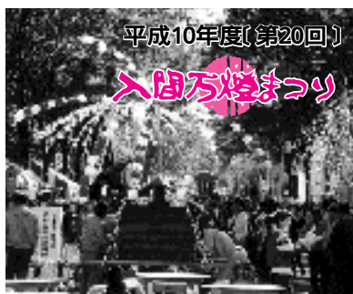
平成10年度(第20回) 入間万燈まつり
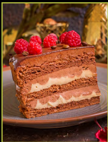
АНГЕЛ КОФЕЙНЫЙ 290
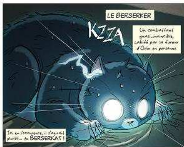
Figure 2 Vignette tirée du strip Berserkat de Maliki ©

En revanche, tout un courant de la bande-dessinée franco-belge s'inspire largement des codes graphiques et narratifs du manga pour les réadapter à la mode européenne. Et là, on assiste à quelques belles réussites, notamment chez l'éditeur Ankama. Nous pouvons ainsi mentionner le travail de Maliki 55 , qui a su digérer tous les codes graphiques du manga et de l'esthétique kawai pour créer son propre univers. Les strips qu'elle met en ligne chaque semaine sur son site 56 sont une belle preuve qu'il peut exister un universalisme de la bande-dessinée. Ainsi, on trouve sur ses petits personnages les gouttes de sueur, veines qui battent et autres traits de confusion propre au manga et qui servent à exprimer des émotions précises, tout en retrouvant par moment le souci du détail propre à la franco-belge ou aux comics.
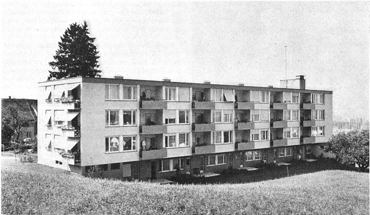
Alterssiedlung Waldgarten, Ansicht von Osten

» **Problem statement**: Omitting all pictures, restate exactly the lines of the material from its start through the line that contains "Figure 2 Vignette".

» **Response to this exercise**:
平成10年度(第20回) 入間万燈まつり
АНГЕЛ КОФЕЙНЫЙ 290
Figure 2 Vignette tirée du strip Berserkat de Maliki ©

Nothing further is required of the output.